Keeping track of regulatory standards while maintaining high levels of quality control, traceability, and documentation is no small task. It often requires a team of seasoned professionals working full-time. But without it, you risk costly delays, product recalls, and even legal liabilities. If you want your FDA or EMA submission process to go as smoothly as possible, read on!

GxP (Good Practices) is a set of guidelines your company can follow to ensure the product meets the enforced guidelines. If we’re talking about clinical software development, GxPs ensure your software used for clinical tests, patient records, or drug manufacturing is reliable, secure, and compliant. In other words, GxP guidelines GxP’s are here to help, but you first need to understand them.

That’s where this page comes in.

After reading, you’ll have a complete understanding of how GxPs tie to FDA and EMA submissions through 6 distinct categories. You’ll also learn 7 software engineering good practices that will ensure your FDA and EMA submissions go smoothly over a minimum number of iterations.

Let’s dig in!

Why is GxP Validation and Compliance Important?

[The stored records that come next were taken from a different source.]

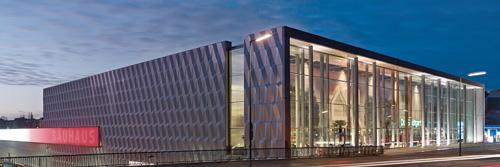 Das BAUHAUS Halensee in Berlin liegt parallel zur Bahntrasse und am prominenten Endpunkt des Berliner Kurfürstendamms. Auf einem schwierigen Grundstück mit Geländesprung wurden die Berliner Architekten Thomas Müller Ivan Reimann mit ihrem Projekt sowohl der städtebaulichen Situation als auch der Funktion eines Fachcentrums gerecht. Sie konzipierten das zwischen Stadtautobahn und S-Bahn-Trasse gelegene Gebäudeensemble aus verschiedenen Blickrichtungen und versuchten nicht nur auf die Nachbarbebauung, sondern auch auf die angrenzenden Verkehrsräume zu antworten. Die seitlichen, bis zu 180 Meter langen Fassaden des Fachcentrums werden fast ausschließlich aus der Ferne wahrgenommen. Daher wurden sie auch für den Blick aus der Distanz gestaltet.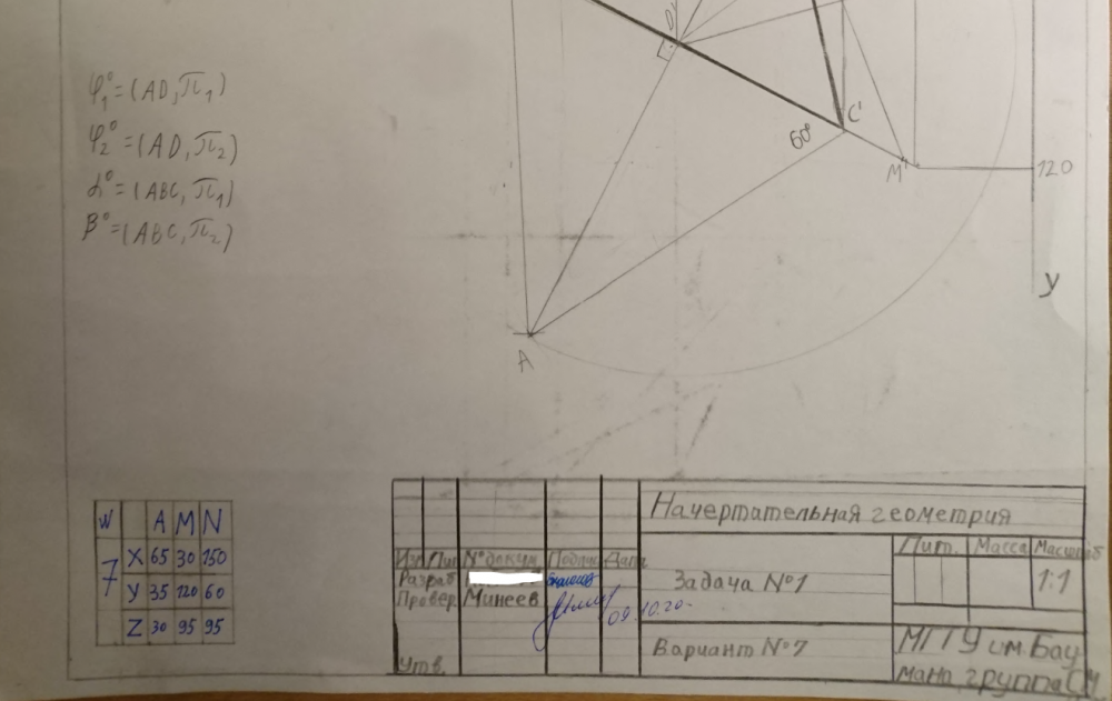 Для студентов МГТУ им. Н.Э.Баумана по предмету Начертательная геометрияЗадача 3Задача 3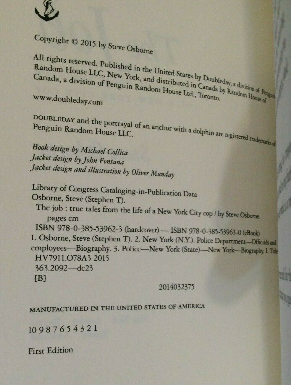 THE JOB by STEVE OSBORNE - FIRST EDITION - HARDCOVER - TRUE TALES OF A NY COP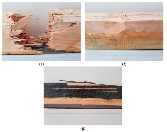 - Failure of timber in compression zone (kink-bands), with rupture of composite reinforcement (Figure 9g)—typical failure for beams strengthened with AFRP and CFRP sheets in U-configuration.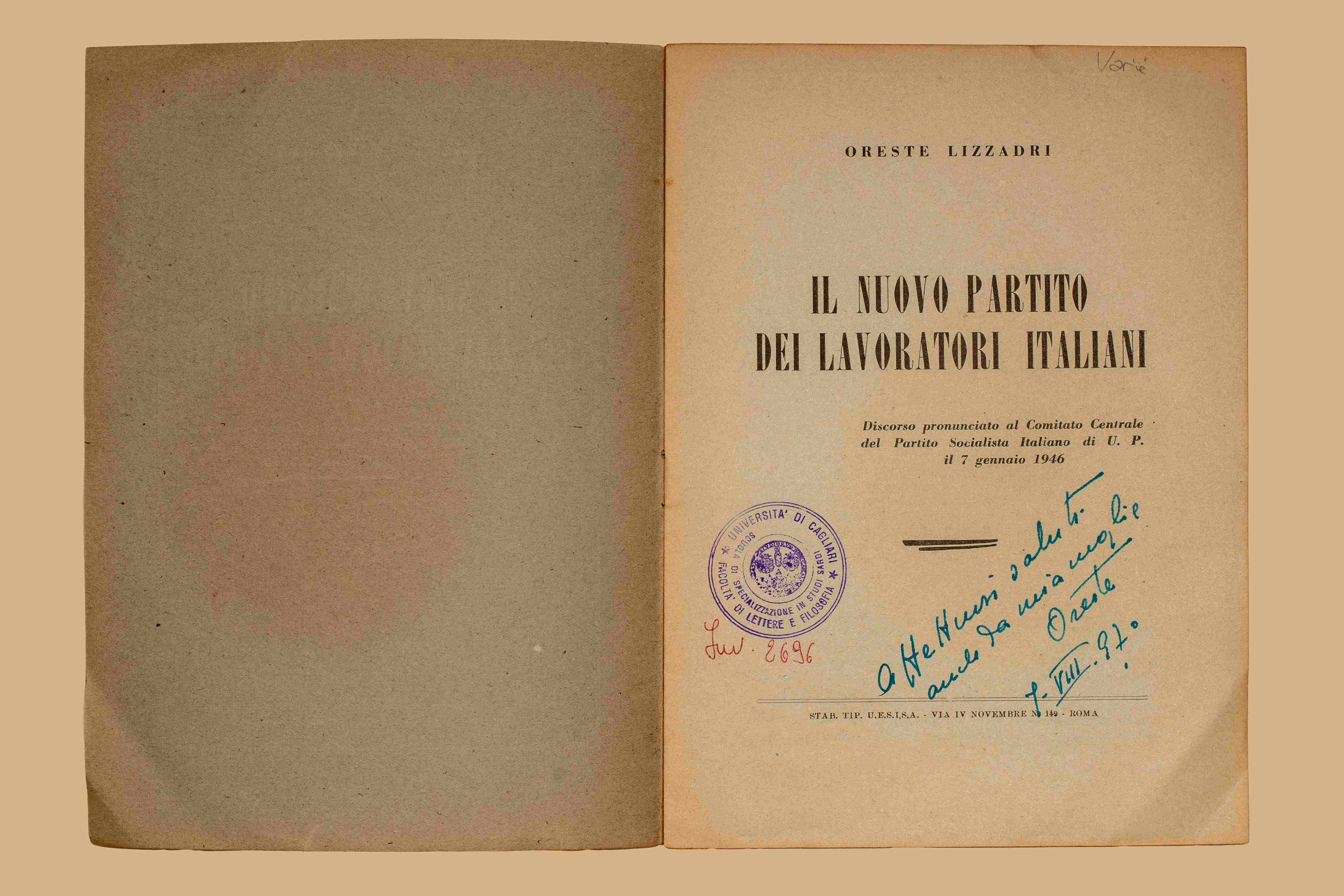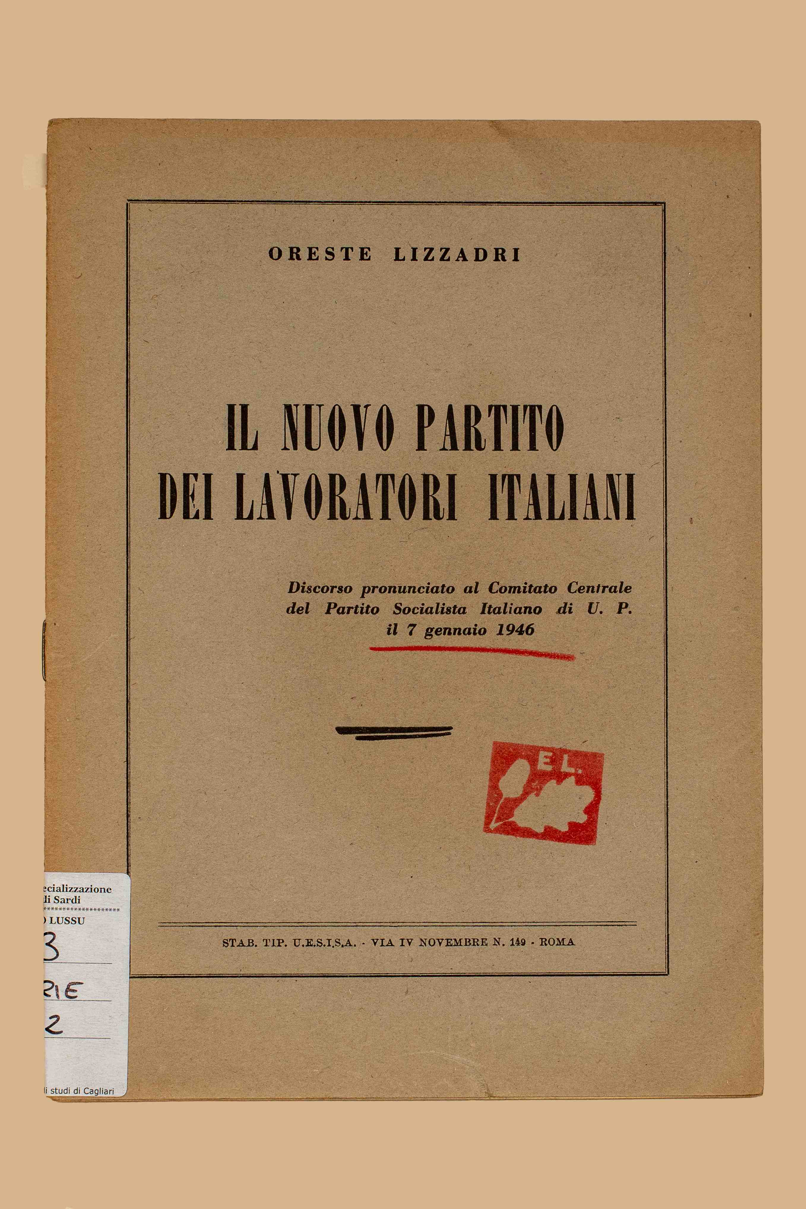- Il nuovo Partito dei lavoratori italiani : discorso pronunciato al Comitato centrale del Partito socialista italiano di UP il 7 gennaio 1946 / Oreste Lizzadri. - Roma : UESISA, [1946?]. - 12 p. ; 22 cm.
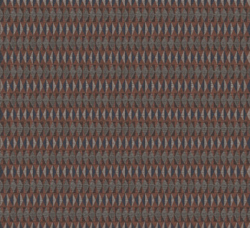 Non-woven wallpaper, delicately embossed ethno patterns, shades of brown, blue and black, with semi-glossy silver accents in places.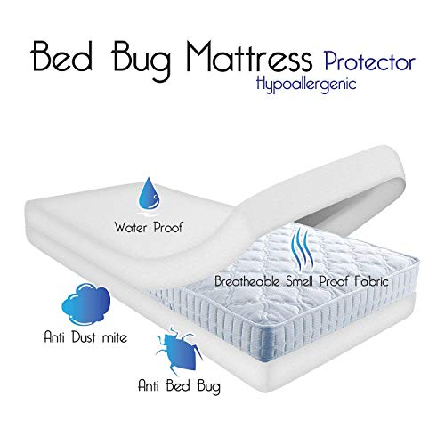 Coprimaterasso impermeabile, sfoderabile, con zip, anallergico, protegge da batteri, acari e insetti, King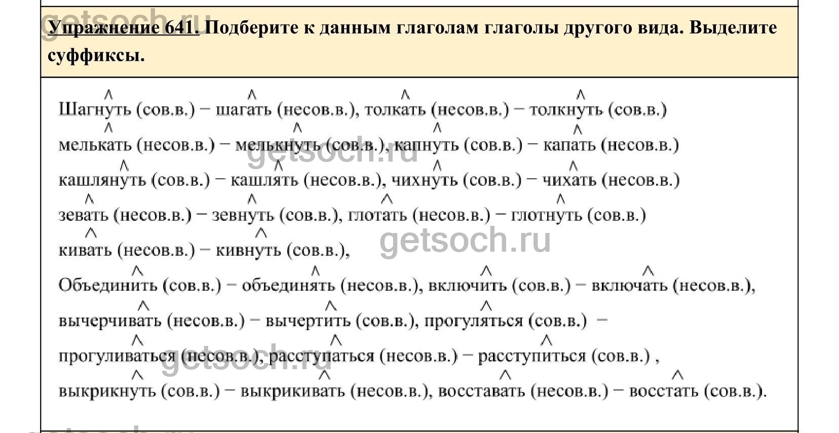 Подберите к данным глаголам глаголы другого вида. Выделите суффиксы.Образец. Объединить (сов. в.) — объединять (несов. в.).Шагнуть, толкать, мелькать, ка́пнуть, ка́шлянуть, чихну́ть, зевать, глотать, кивать.Об(?)единить, включить, вычерчивать, прогуляться, ра(с, сс)тупаться, выкрикнуть, во(с, сс)тавать.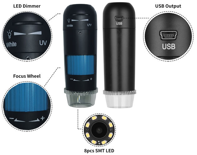 แหล่งกำเนิดแสงยูวี:8ชิ้น SMT LED(4ชิ้น LED 400nm UV + 4ชิ้น LED สีขาว)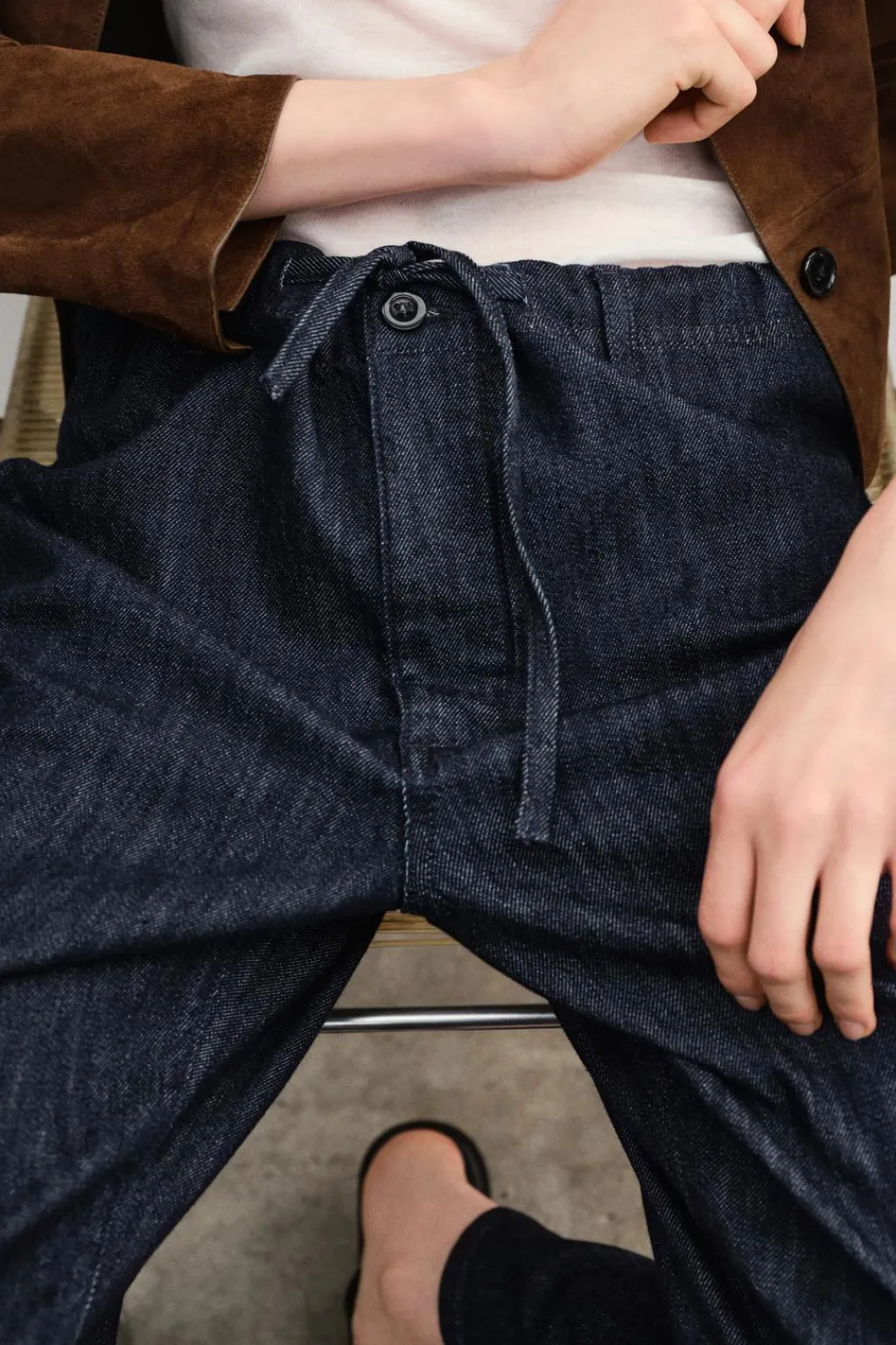 Jeans confeccionado en hilatura de algodón 100 % con tiro medio. Cintura ajustable con cordones. Bolsillos laterales y de plastrón en espalda. Cierre frontal con botones.

Before even discussing FDA/EMA submissions and good practices tied to software engineering, let’s first discuss the general importance of GxP validation and compliance. 

In a line of work as regulated as the pharmaceutical industry, we found GxP guidelines to be of vital importance in many areas. These five we’ll share with you carry the most weight, but keep in mind it’s not an exhaustive list:

  • Promotes Product Quality and Consistency: If you’re developing a pharmaceutical product, quality is a non-negotiable requirement. Adhering to GxP guidelines ensures that every production aspect, from initial research to final distribution, is consistent and repeatable. Different software systems are used in different stages of production, but all of these must adhere to rigorous standards to prevent variability and error. In other words, you don’t want inconsistent manufacturing processes or software errors to introduce varied effectiveness of your product.
  • Enhances Operational Efficiency: Getting started with GxP takes time and can have a steep learning curve, but it provides you with tangible long-term benefits. By implementing validated software systems, pharmaceutical companies can streamline processes, automate repetitive tasks, and reduce the likelihood of errors. Just think of document management software that meets GxP standards - it ensures seamless version control and traceability which saves you time during audits. It’s just one example, but you get the point.
  • Improves Trust with Stakeholders: This one is not tangible, sure, but it’s an invaluable asset in the pharmaceutical world for a simple reason - when companies comply with GxP guidelines, they foster trust among patients, regulators, and business partners. If you’re known as a company that prioritizes safety and data integrity, you’ll likely find it easier to attract investors, form partnerships, and reassure healthcare providers about the quality of your products and services. It doesn’t guarantee it, though, just makes it more likely.
  • Facilitates Regulatory Compliance: One of the main benefits of GxP validation is the simplification of regulatory submissions. Think of it this way - software systems that are pre-validated reduce the workload during audits and inspections. For this reason, when a regulatory body like the FDA or EMA comes knocking on your doors, you can quickly present evidence of compliance and avoid lengthy investigations or disruptions altogether. On the other side, this compliance-first approach also shortens your time to market for new drugs. Even more, if you expand into international markets, adhering to widely recognized GxP practices makes it easier to satisfy multiple regulatory authorities at the same time.
  • Improves Risk Management: A major aspect of GxP compliance is risk mitigation. The process of validating software systems helps you identify and address potential risks before they become significant problems. You should aim to be proactive in areas that reduce the risks for your organization and compliance, such as data handling and equipment monitoring for example. The prior ensures the stability and security of the systems and prevents breaches or data loss, while the latter enables automated alerts and diagnostics to reduce the chance of failures.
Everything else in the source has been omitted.